*Directions for this task:*
Copy out every line from the records that includes "into".

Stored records
= Beginning of Section =

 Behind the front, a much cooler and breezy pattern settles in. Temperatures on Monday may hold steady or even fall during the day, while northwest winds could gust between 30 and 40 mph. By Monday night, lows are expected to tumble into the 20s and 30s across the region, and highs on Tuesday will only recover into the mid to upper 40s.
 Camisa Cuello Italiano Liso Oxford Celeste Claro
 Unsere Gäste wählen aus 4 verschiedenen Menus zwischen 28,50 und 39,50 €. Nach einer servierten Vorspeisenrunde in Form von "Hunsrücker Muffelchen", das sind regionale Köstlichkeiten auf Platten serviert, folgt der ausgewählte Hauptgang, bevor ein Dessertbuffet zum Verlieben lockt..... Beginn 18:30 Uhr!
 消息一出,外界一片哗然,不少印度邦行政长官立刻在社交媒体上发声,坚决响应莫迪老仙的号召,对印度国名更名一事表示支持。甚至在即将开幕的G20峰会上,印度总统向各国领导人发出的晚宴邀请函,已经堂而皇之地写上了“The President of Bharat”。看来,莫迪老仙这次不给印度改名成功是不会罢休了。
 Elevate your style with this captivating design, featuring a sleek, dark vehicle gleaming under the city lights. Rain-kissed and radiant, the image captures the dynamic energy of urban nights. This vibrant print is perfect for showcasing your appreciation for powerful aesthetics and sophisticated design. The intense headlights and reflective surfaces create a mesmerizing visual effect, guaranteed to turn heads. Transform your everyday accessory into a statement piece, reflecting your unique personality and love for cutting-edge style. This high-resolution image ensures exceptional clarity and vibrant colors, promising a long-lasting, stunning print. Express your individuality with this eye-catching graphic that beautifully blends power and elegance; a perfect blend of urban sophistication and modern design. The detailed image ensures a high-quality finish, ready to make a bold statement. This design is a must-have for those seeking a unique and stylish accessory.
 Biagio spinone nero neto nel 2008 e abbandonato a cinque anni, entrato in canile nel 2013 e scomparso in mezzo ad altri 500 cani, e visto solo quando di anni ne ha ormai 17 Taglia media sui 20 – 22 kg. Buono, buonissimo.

= End of Section =

*Answer box:*
 Behind the front, a much cooler and breezy pattern settles in. Temperatures on Monday may hold steady or even fall during the day, while northwest winds could gust between 30 and 40 mph. By Monday night, lows are expected to tumble into the 20s and 30s across the region, and highs on Tuesday will only recover into the mid to upper 40s.
 Elevate your style with this captivating design, featuring a sleek, dark vehicle gleaming under the city lights. Rain-kissed and radiant, the image captures the dynamic energy of urban nights. This vibrant print is perfect for showcasing your appreciation for powerful aesthetics and sophisticated design. The intense headlights and reflective surfaces create a mesmerizing visual effect, guaranteed to turn heads. Transform your everyday accessory into a statement piece, reflecting your unique personality and love for cutting-edge style. This high-resolution image ensures exceptional clarity and vibrant colors, promising a long-lasting, stunning print. Express your individuality with this eye-catching graphic that beautifully blends power and elegance; a perfect blend of urban sophistication and modern design. The detailed image ensures a high-quality finish, ready to make a bold statement. This design is a must-have for those seeking a unique and stylish accessory.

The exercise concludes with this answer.